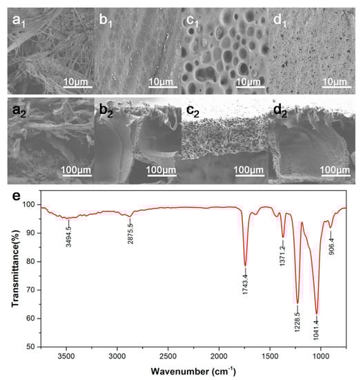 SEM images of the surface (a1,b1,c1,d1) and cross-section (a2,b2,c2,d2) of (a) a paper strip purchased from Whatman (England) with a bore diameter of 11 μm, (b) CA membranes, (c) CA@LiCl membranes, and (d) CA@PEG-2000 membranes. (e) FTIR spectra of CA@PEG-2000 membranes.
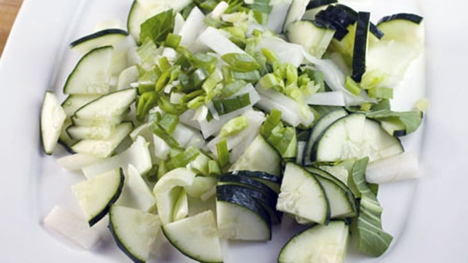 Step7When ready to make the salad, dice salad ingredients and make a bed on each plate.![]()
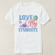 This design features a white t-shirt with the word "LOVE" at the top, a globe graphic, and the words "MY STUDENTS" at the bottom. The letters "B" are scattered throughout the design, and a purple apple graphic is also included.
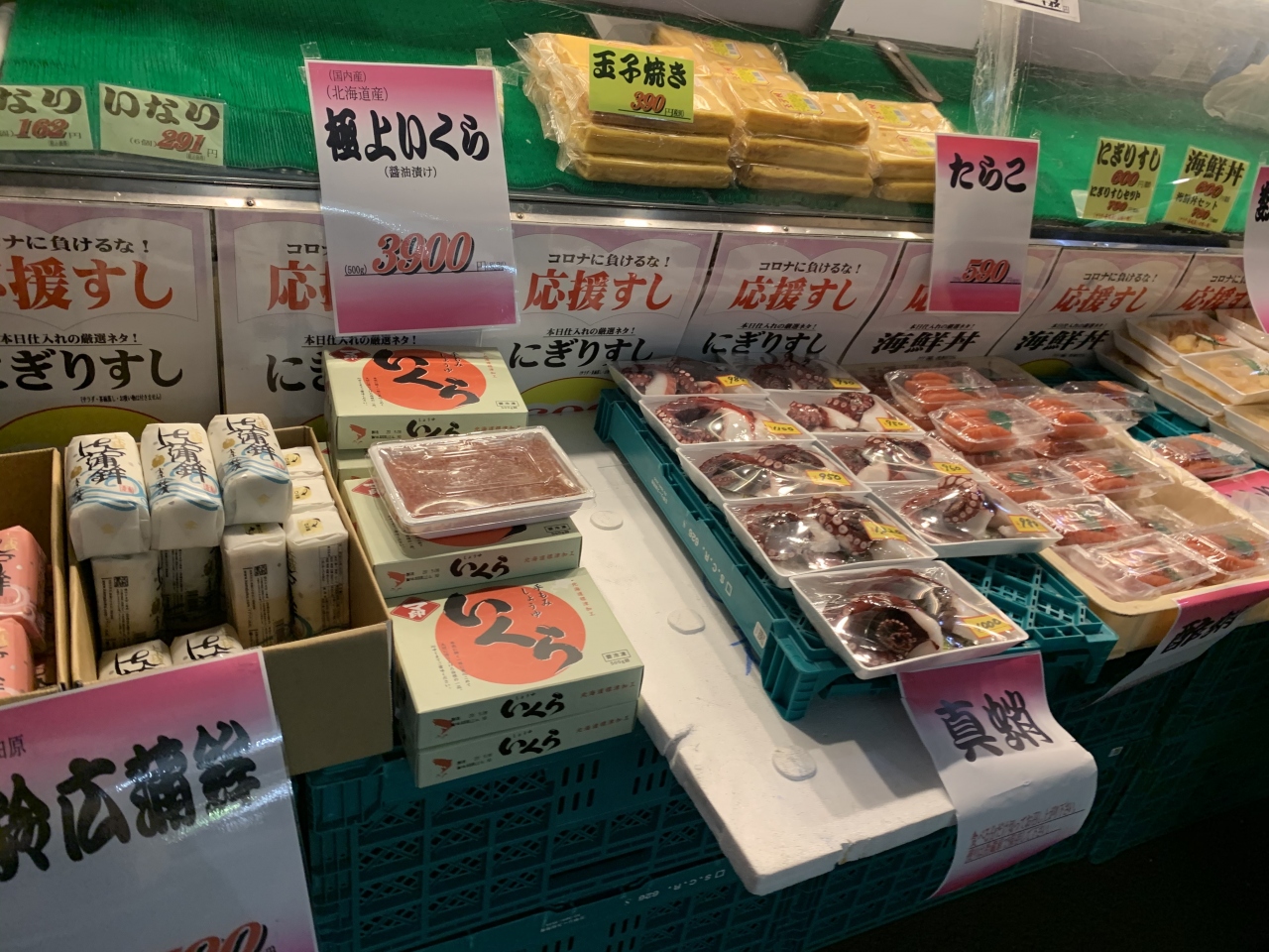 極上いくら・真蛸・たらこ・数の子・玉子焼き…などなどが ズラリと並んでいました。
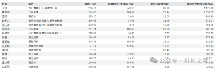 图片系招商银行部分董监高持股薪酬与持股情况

****************************************

=== WORK REQUEST ===
Starting at the line that holds "This design features", copy each line exactly through the end of the listing, both ends included. Leave the pictures out.

=== EXERCISE RESPONSE ===
 This design features a white t-shirt with the word "LOVE" at the top, a globe graphic, and the words "MY STUDENTS" at the bottom. The letters "B" are scattered throughout the design, and a purple apple graphic is also included.
 極上いくら・真蛸・たらこ・数の子・玉子焼き…などなどが ズラリと並んでいました。
 图片系招商银行部分董监高持股薪酬与持股情况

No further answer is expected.